3. Several roundtable respondents indicated that clinician burnout is one of their organizations’ top three concerns. 

With a physician shortage quickly approaching and greater demands for chronic healthcare, health systems, hospitals and medical groups must act now to reduce burnout among their ranks and retain their clinical talent.

Although the importance and impact of clinician burnout is well established, some respondents noted that their hospitals are doing nothing to address burnout. Others shared a medley of solutions their organizations have deployed, some more robust than others:

  • Floundering
  • PTO
  • Paying enormous salaries
  • Education
  • More job fairs
  • Scribes
  • Focus on streamlining the EHR

Several participants said their organizations have taken the first step of responding to burnout by issuing surveys to gauge the problem at their organizations and to properly measure improvement. "We came out with the data and that there is only one direction for us to go — we need to be better," said the CMIO of a 407-bed hospital in the Pacific Northwest. "We don't just look at burnout, but also satisfaction with the EMR." 
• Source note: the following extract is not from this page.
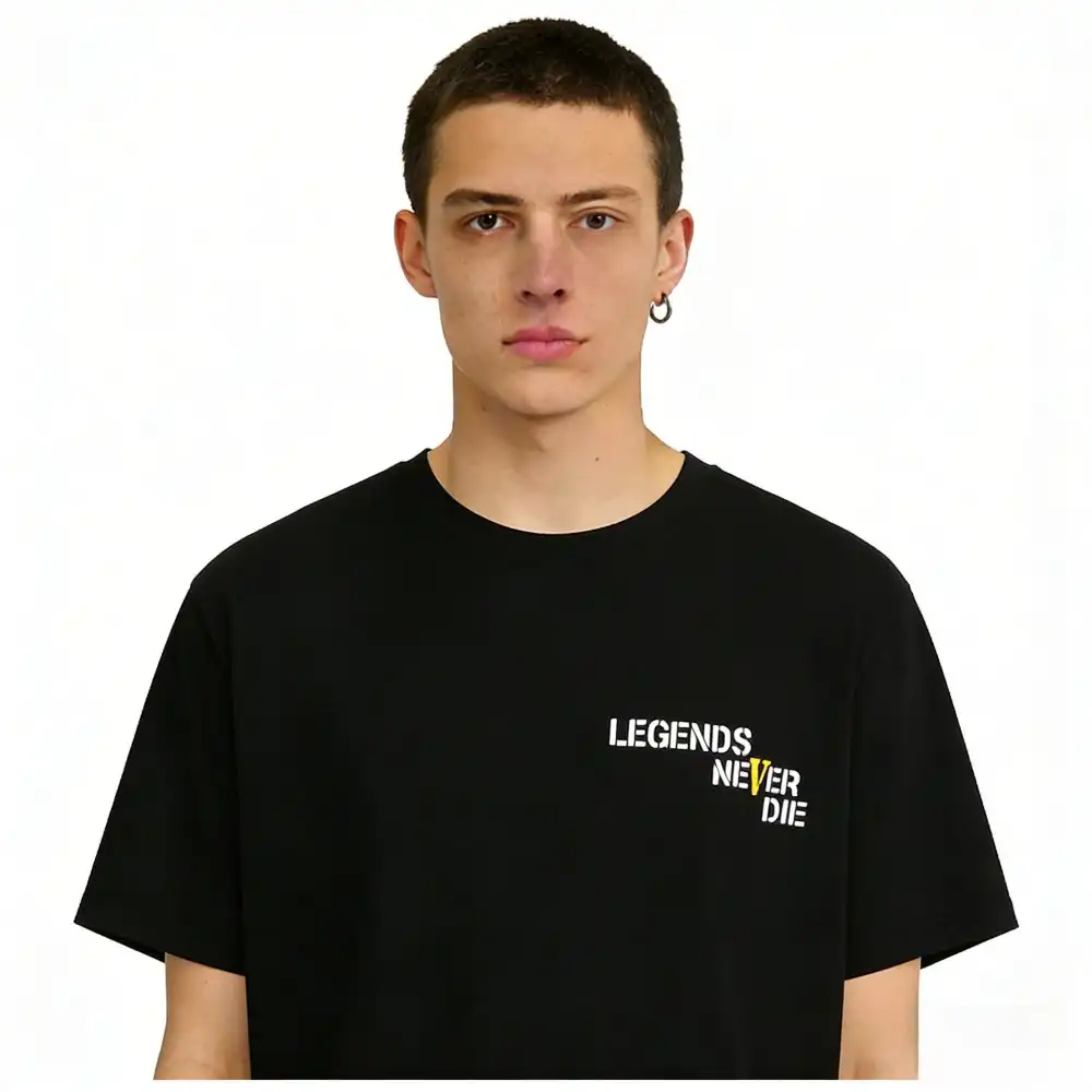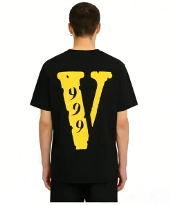 - This VLONE x Juice WRLD collaborative tee features the iconic “LEGENDS NEVER DIE” slogan printed on the chest, with the “V” highlighted in a vibrant yellow that nods to both VLONE’s signature logo and Juice WRLD’s “999” legacy. The back showcases an oversized yellow “V” logo, infused with the “999” graphic to honor the late rapper’s enduring impact, creating a heartfelt tribute that merges streetwear with hip-hop history.

Some solutions discussed are applicable within the walls of a hospital or health system, while others address the macro environment that fuels exhaustion among America's care teams. Most respondents see value in the latter, macro-level approach, with only 7 percent of executive respondents indicating that their organizational culture has a major effect on burnout.

The associate CNO of a 245-bed hospital in the West said his organization is investing in advocacy to reduce regulations for medical documentation and other clerical work. "Those of us steering the ship are tired and frustrated, too," he said. "We preach activism at our organization – write your legislators. I am doing that on behalf of my organization."
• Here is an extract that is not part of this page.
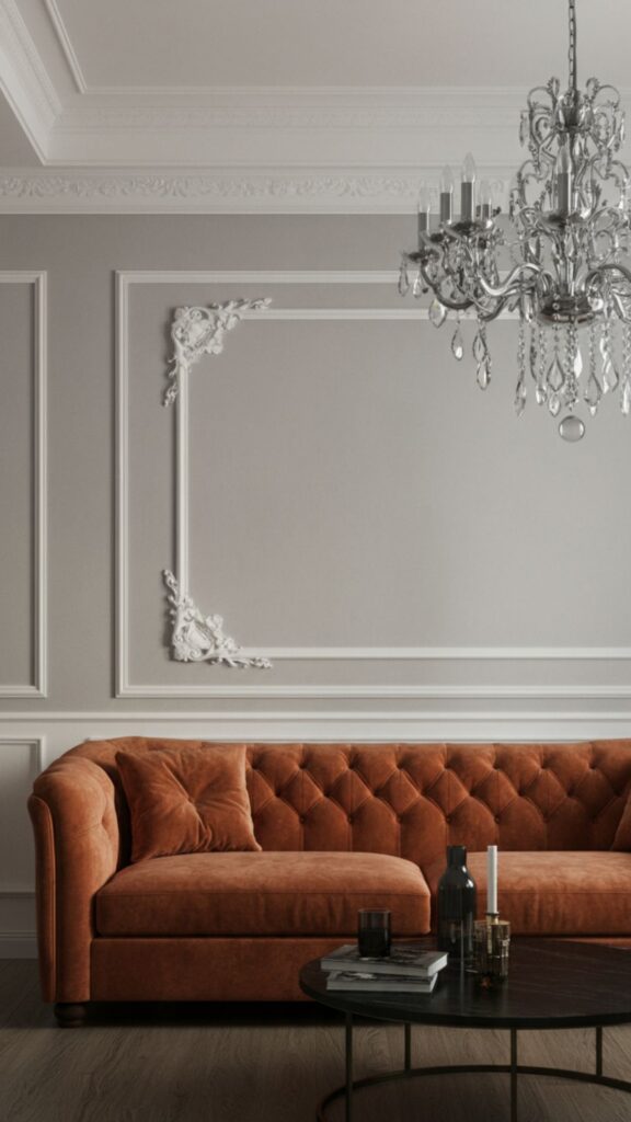 Paint the moulding and the wall inside it the same color for a subtle, textural effect, a technique known as “color drenching.” This creates a high-end, custom look that adds depth without overwhelming the space with a different color.

For participants who are familiar with organization-specific interventions, they discussed efforts focused on clinicians' own health and wellbeing, along with a cultural shift that leaves people feeling more connected with one another. "There are different models our facility focuses on, like self-care and working with coworkers as a team," said the CNO of a 50-bed hospital in the South. "We are changing the culture to one that is more like a family, with the expectation that leadership will recognize staff and get input and feedback to drive change." 

Key points in summary:

  • Burnout symptoms include emotional exhaustion, loss of meaning in work and feelings of ineffectiveness. The condition is linked to greater administrative spend in healthcare and greater risks of medical errors. 
  • Several roundtable respondents indicated that clinician burnout is one of their organizations top three concerns.
  • Clinicians said regulatory requirements for medical documentation and other clerical work are the largest stressors and thereby contributors toward clinician burnout.
  • Clinical leaders said health IT must support their relationship with patients, first and foremost, to alleviate versus exacerbate the stress that can culminate to burnout. 
  • Few organizations have deployed sophisticated, meaningful and strategic responses to help their care teams combat burnout, with several participants noting the lack of a robust game plan in their organization.